Similar to the results of Yurkonis et al. (2012, 2014a,b), effects of Schedonorus species on plant community composition depended more on the particular cultivar than on the species or endophyte status, as indicated by our multivariate analysis. Cultivars could not be grouped based on species or endophyte effects on plant community composition. In particular, Kasper (E+ S. pratensis), Ilmari (E− S. pratensis), and KY-31 (E− S. arundinaceus) plots had similar plant community composition, but differed with respect to species and endophyte status. Antti (E− S. pratensis) and Inkeri (E+ S. pratensis) were most similar to unseeded plots. It is notable that the two S. arundinaceus cultivars, although both low-endophyte, had very different effects on plant community composition. Given that KY-31 and Kasper had the highest abundances of all cultivars, it may be that host grass abundance has a stronger effect than endophyte status on plant community composition. However, it is unclear why Ilmari would have similar effects because this cultivar was not highly abundant. Nevertheless, cultivar differences did not translate to effects on invertebrate community composition.

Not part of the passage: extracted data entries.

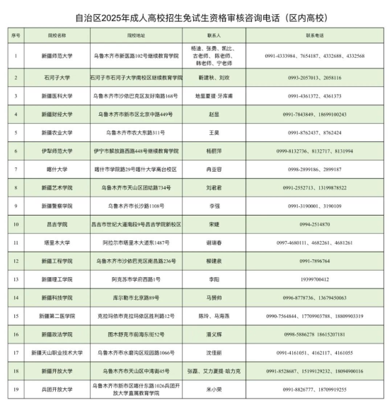 考生可登录新疆教育考试院官方网站查看《关于做好新疆维吾尔自治区2025年成人高校考试招生工作的通知》详细内容。《新疆维吾尔自治区2025年成人高校招生照顾加分登记表》《新疆维吾尔自治区2025年成人高校招生免试入学申请表》考生在新疆教育考试院官方网站下载。
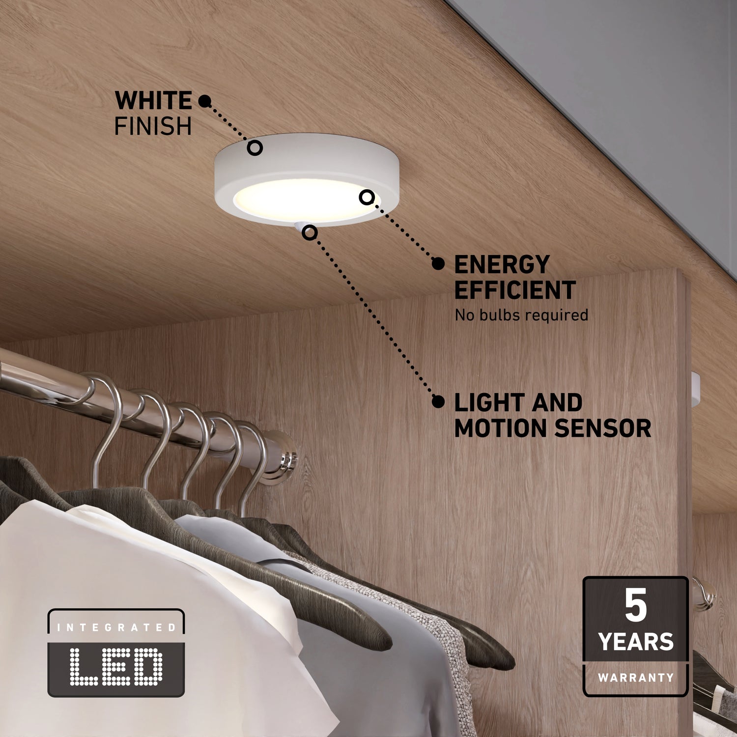This set of three LED closet lights provides a practical and elegant lighting solution for walk-in closets. Install them above rods or dressers to create a stylish mini showroom.
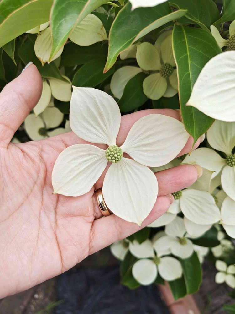 花の部分は球形の緑。花びらにみえるのが葉が変化したもの(総苞片・そうほう)という構成。名前の由来は中央の球形の花を僧侶の頭、白い総苞を僧侶の頭巾に見立て比叡山延暦寺の山法師になぞらえたものといわれています。…だそうです😁
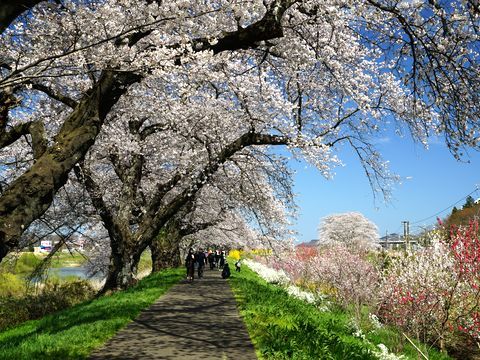 大河原駅から堤防上を歩いて船岡駅へ朝一番5時の上り電車で出発,上野>宇都宮>黒磯>新白河>郡山>白石>福島と乗り替えをして7時間31分で 大河原駅へ到着、平日でも観光客は多数。まずは町役場へ行ってマンホールカードを貰ってから堤防上をあるいて一目千本桜を 楽しみながら4km離れた船岡駅へ。 |
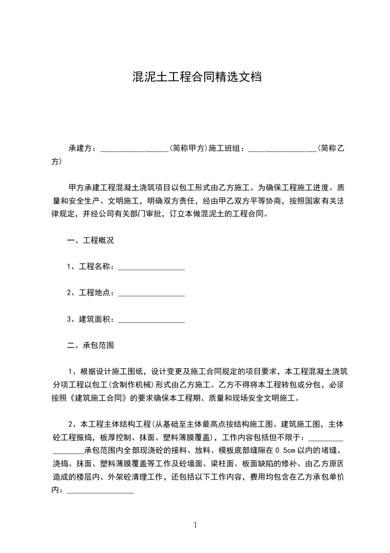 甲方承建工程混凝土浇筑项目以包工形式由乙方施工。为确保工程施工进度、质量和安全生产、文明施工,明确双方责任,经由甲乙双方平等协商,按照国家有关法律规定,并经公司有关部门审批,订立本做混泥土的工程合同。
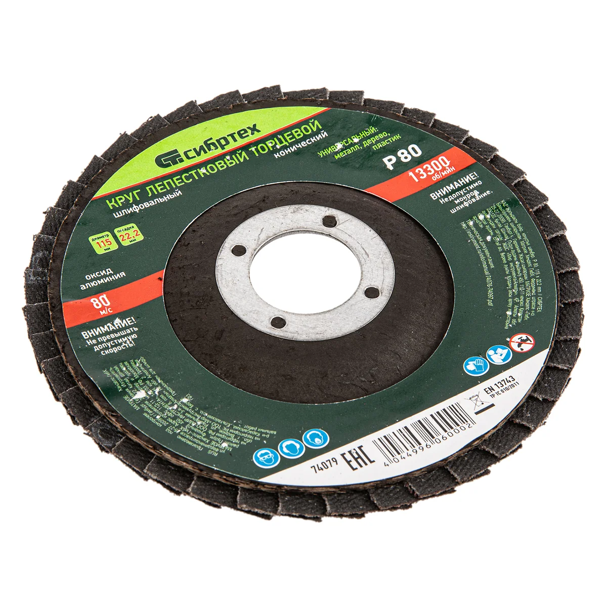 Круг лепестковый торцевой, конический, Р 80,115 х 22.2 мм Сибртех 74079

Differences among cultivars may be related to the purpose for which each cultivar was bred, for example, forage, pasture, or amenity purposes (Hoveland 2009). Developing cultivars that exhibit specific characteristics or functionality might decrease the phenotypic plasticity of the plant and the range of conditions to which it could adapt (Kölliker et al. 1999; Ghalambor et al. 2007). Forage cultivars are selected to coexist in mixed plant communities and so should be successful in natural communities (Saikkonen et al. 1998; Kölliker et al. 1999; Saari and Faeth 2012). However, their invasive potential might be reduced when they are introduced to areas where specific requirements are not met. For example, a meta-analysis of Epichloë–grass symbioses indicates that high soil nutrient availability is linked to greater endophyte benefits (Saikkonen et al. 2006); in contrast, soil nutrient availability at our site is low (Yurkonis et al. 2012).

The strong temporal effect for all response variables could be related to climatic effects on plant growth and survival. Overall, plant richness and diversity and Schedonorus abundance were low in 2012, suggesting the occurrence of a large-scale event. This may have been related to the cold overwinter temperatures in 2011 or somewhat lower levels of precipitation in 2012. An unusually high vole population in 2012 might also have affected overall plant abundances (Hager and Stewart 2013). Further investigation is required to determine the mechanisms underlying strong temporal variation, and our results stress the importance of long-term experiments in examining host-endophyte effects.

Finally, it is unreasonable to assume that S. pratensis and S. arundinaceus are the only species within our community that are associated with microbial symbionts (Rudgers et al. 2009). Our communities were dominated mainly by other graminoids, but also forbs and legumes, some of which are associated with other types of endophyte (Saikkonen et al. 2010). Very little is currently known about the endophyte status of, and its effects in, other plant species. Future work examining the prevalence and competitive ability of other endophyte-associated species in comparison with our focal species could provide insight into potential species and habitat interactions.

Conclusion

Initial studies of grass–endophyte mutualisms using S. arundinaceus–E. coenophiala cultivar KY-31 found strong, positive endophyte effects on the host grass invasion success. However, our evidence indicates that endophyte presence does not result in similar benefits to the host grass in other poöid–Epichloë symbiotic associations. The effect of the grass–Epichloë symbiosis is not generalizable, but rather species, cultivar, and endophyte specific. Effects of site conditions such as the composition of competing vegetation, resource availability, and climate will also make it difficult to forecast the outcome of a poöid–Epichloë invasion. Examining multiple grass–endophyte systems using multiple cultivars, species, and sites will be important to determine the range of conditions in which such endophyte associations benefit host grass performance and have subsequent effects on the co-occurring biotic communities.